Finding an assumption on a sequence $(a_k)_{k \in \mathbb Z}$ such that the map $t \mapsto \sum_k a_ke^{ikt}$ is entire Suppose that $(a_k)_{k \in \mathbb Z}$ is a sequence such that $\sum_k |a_k|$ is convergent. The function $f : \mathbb R \to \mathbb C$
$$
f(t) = \sum_k a_ke^{itk}
$$
is then a continuous function. If we replace $t \in \mathbb R$ by $z \in \mathbb C$ then $f$ extends to function from $\mathbb C$ to $\mathbb C$. Can we find a sufficient condition on the sequence $(a_k)_k$ such that this extended function is entire?
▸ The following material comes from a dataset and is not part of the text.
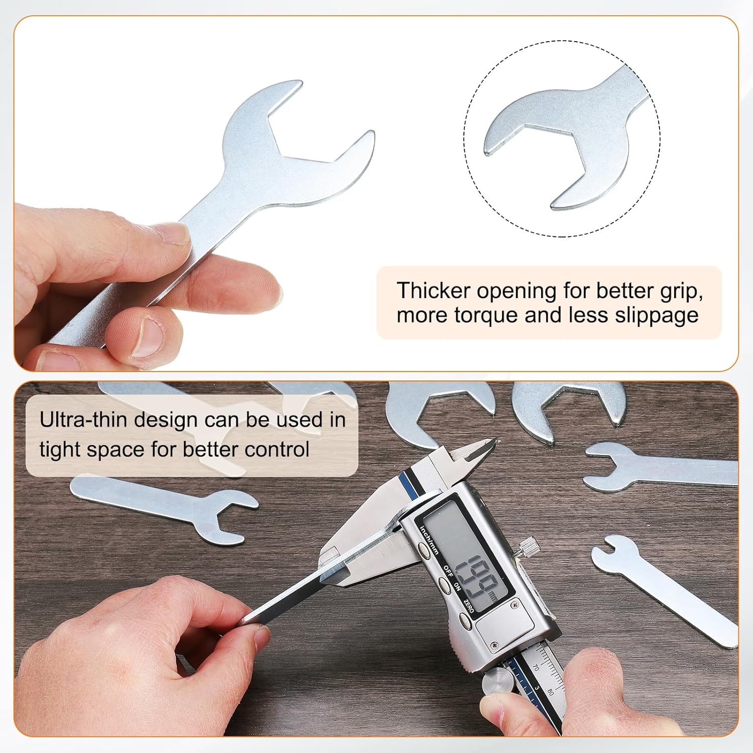 • Size - Open end: 24mm / 0.95"; Open outside width: 40.5mm / 1.59"; Total length: 115mm / 4.53"; Stem thickness: 2.8mm / 0.11"; Stem width: 12.3mm / 0.48"; Color: Silver-grey; Package includes: 10 x Single open-end wrenches. The open wrench set is thin enough to work on tight spots.

 A: A sufficient condition is that the power series
$$\sum_{k=0}^\infty a_k z^k$$
has infinite radius of convergence.
Proof:
We need compact convergence (so uniform convergence on all compact sets), because the following holds:
If $f_n:D\to\mathbb C$ is a sequence of holomorphic functions on an open set $D\subseteq \mathbb C$ which converges to $f:D\to\mathbb C$ compactly, then $f$ is holomorphic.
We can apply this to the sequence of partial sums of the series, which are all holomorphic. Since in this case $D=\mathbb C$ ($f$ is supposed to be entire), all compact subsets of $D$ are contained in a closed (and thus compact) disc centered at $z=0$. So it's sufficient to consider convergence on all closed discs. If it is uniform on all such discs, the limit will be entire.
To show uniform convergence on such discs $K$, we can show that $\sum_k a_k e^{itk}$ is Cauchy with respect to the infinity norm
$$\Vert f\Vert_\infty:=\sup_{z\in K}\vert f(z)\vert,$$
that is, $\Vert f_n-f_m\Vert_\infty$ can be made arbitrarily small by choosing $n,m$ larger than an appropriate $N\in\mathbb N$. For a series, this means
$$\left\Vert\sum_{k=m+1}^n a_k e^{izk}\right\Vert_\infty$$
can be made arbitrarily small in the same way. We can give some upper bounds to this expression, namely
$$\begin{align*}\left\Vert\sum_{k=m+1}^n a_ke^{izk}\right\Vert_\infty&\leq\sum_{k=m+1}^n\Vert a_k e^{izk}\Vert_\infty\\
&\leq\sum_{k=N+1}^\infty\Vert a_ke^{izk}\Vert_\infty\\
&=\sum_{k=N+1}^\infty\vert a_k\vert e^{Rk},
\end{align*}$$
where $R$ is the radius of the disk $K$. Remember, we want to be able to choose $N$ appropriately so that this expression is arbitrarily small. This is possible iff the series
$$\sum_{k=0}^\infty\vert a_k\vert e^{Rk}$$
converges. And we want it to converge for all $R>0$, since we want to be able to choose an arbitrarily large disc. Now notice that this series is a power series in $e^R$. So we can reduce the question for which $R$ this series converges to the question what the radius of convergence of the series $\sum_k a_k z^k$ is. If it is infinity, then the above series converges for all $R$. So we have our sufficient condition:
$\sum\limits_{k=0}^\infty a_k e^{izk}$ is entire if $\sum\limits_{k=0}^\infty a_k z^k$ has radius of convergence $\infty$, or equivalently, if this power series is entire.
You can now use the known ways to calculate radii of convergence. One of them will yield the condition Conrad mentioned in the comments.